***** Supplied data
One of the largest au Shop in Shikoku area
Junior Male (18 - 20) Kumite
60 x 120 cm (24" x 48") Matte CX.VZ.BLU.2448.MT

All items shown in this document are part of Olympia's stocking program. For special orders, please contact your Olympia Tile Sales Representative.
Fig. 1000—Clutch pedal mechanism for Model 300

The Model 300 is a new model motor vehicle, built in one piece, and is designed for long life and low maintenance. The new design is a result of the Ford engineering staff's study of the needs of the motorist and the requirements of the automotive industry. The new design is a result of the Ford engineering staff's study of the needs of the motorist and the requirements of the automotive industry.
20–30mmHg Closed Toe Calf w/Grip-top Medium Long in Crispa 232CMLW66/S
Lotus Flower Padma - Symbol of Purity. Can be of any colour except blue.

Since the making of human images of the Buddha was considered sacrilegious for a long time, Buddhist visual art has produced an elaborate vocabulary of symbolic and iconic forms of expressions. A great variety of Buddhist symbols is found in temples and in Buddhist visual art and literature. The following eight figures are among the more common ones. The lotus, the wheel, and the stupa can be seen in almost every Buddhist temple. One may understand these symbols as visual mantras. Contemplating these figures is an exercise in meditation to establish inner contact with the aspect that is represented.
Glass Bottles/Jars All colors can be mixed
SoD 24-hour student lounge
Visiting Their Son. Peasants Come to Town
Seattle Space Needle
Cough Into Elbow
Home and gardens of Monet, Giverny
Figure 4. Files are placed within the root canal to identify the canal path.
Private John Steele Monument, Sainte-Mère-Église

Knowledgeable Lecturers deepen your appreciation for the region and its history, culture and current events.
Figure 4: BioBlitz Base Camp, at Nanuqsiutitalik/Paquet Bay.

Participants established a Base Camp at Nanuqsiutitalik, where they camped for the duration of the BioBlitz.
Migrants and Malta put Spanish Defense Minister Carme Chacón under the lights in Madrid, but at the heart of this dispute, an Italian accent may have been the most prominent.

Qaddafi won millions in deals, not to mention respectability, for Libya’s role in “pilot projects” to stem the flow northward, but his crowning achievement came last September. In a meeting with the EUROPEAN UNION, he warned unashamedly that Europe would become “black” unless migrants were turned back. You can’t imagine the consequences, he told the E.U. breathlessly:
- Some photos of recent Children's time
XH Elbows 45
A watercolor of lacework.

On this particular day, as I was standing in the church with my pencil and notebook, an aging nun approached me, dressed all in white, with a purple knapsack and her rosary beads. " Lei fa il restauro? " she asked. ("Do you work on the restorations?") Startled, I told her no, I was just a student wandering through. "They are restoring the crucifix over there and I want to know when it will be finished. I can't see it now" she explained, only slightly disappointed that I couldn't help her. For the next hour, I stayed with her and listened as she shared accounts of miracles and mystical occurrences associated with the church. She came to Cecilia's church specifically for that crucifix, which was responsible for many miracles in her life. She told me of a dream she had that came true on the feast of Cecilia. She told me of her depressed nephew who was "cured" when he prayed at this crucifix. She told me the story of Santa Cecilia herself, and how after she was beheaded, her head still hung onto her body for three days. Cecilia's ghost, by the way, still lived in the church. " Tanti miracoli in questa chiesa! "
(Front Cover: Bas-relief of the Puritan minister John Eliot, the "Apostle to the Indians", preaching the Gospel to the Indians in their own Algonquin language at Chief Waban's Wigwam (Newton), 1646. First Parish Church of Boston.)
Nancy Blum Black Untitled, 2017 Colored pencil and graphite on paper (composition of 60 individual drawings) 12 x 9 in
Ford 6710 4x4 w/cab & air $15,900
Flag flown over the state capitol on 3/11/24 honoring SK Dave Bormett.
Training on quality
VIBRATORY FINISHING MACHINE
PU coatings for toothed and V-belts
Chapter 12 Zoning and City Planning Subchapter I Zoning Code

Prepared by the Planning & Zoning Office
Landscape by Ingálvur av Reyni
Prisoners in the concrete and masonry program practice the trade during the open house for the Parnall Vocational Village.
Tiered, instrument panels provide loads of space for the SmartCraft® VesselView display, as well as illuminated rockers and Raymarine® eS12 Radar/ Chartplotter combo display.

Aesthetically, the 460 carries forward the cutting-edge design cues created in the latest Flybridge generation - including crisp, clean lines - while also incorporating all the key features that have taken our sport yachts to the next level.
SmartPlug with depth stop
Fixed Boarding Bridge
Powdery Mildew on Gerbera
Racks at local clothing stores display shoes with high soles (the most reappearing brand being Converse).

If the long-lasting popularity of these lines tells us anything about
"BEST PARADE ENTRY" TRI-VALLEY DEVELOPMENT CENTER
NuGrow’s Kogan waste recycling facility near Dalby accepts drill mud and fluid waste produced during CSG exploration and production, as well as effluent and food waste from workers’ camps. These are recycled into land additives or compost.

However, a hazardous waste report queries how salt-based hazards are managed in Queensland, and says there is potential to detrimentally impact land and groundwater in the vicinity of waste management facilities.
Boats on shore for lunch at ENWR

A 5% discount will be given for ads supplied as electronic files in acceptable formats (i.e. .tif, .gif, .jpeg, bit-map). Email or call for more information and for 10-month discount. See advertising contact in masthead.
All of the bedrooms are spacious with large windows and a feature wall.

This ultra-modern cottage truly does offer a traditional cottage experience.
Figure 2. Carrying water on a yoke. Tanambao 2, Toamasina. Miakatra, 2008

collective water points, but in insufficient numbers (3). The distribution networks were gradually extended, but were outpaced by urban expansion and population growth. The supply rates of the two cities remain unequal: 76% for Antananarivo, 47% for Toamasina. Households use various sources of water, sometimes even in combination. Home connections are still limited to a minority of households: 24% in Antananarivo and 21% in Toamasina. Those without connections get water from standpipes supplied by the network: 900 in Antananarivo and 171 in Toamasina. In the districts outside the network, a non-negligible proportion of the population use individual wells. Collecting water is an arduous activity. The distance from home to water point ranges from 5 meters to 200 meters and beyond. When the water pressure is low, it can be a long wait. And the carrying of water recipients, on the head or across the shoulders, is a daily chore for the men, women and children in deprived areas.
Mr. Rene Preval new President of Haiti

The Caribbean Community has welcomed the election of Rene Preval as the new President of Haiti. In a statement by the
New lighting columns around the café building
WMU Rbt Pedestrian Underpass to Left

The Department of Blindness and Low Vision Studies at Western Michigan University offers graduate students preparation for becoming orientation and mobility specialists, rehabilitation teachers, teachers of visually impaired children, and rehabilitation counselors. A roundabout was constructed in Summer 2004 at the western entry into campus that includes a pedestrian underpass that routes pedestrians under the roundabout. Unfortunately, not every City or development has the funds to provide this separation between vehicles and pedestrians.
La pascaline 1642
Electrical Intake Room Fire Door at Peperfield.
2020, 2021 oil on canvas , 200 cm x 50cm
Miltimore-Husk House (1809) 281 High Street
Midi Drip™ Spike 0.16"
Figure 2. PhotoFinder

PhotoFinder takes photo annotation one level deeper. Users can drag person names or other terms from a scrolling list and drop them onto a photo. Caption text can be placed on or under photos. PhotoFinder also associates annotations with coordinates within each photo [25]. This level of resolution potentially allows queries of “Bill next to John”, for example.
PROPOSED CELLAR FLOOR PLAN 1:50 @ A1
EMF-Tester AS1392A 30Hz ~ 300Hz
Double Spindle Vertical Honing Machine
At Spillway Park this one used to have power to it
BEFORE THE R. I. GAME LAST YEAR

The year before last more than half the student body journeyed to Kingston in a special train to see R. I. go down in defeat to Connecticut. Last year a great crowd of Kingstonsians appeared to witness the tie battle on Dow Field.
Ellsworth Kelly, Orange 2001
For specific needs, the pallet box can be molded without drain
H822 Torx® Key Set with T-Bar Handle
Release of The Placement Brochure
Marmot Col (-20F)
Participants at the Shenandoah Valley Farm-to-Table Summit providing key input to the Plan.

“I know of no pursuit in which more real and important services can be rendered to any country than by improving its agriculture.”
**********
• Task goal:
Go through the records above and copy every line with the word "during".

• Final answer:
Prisoners in the concrete and masonry program practice the trade during the open house for the Parnall Vocational Village.
NuGrow’s Kogan waste recycling facility near Dalby accepts drill mud and fluid waste produced during CSG exploration and production, as well as effluent and food waste from workers’ camps. These are recycled into land additives or compost.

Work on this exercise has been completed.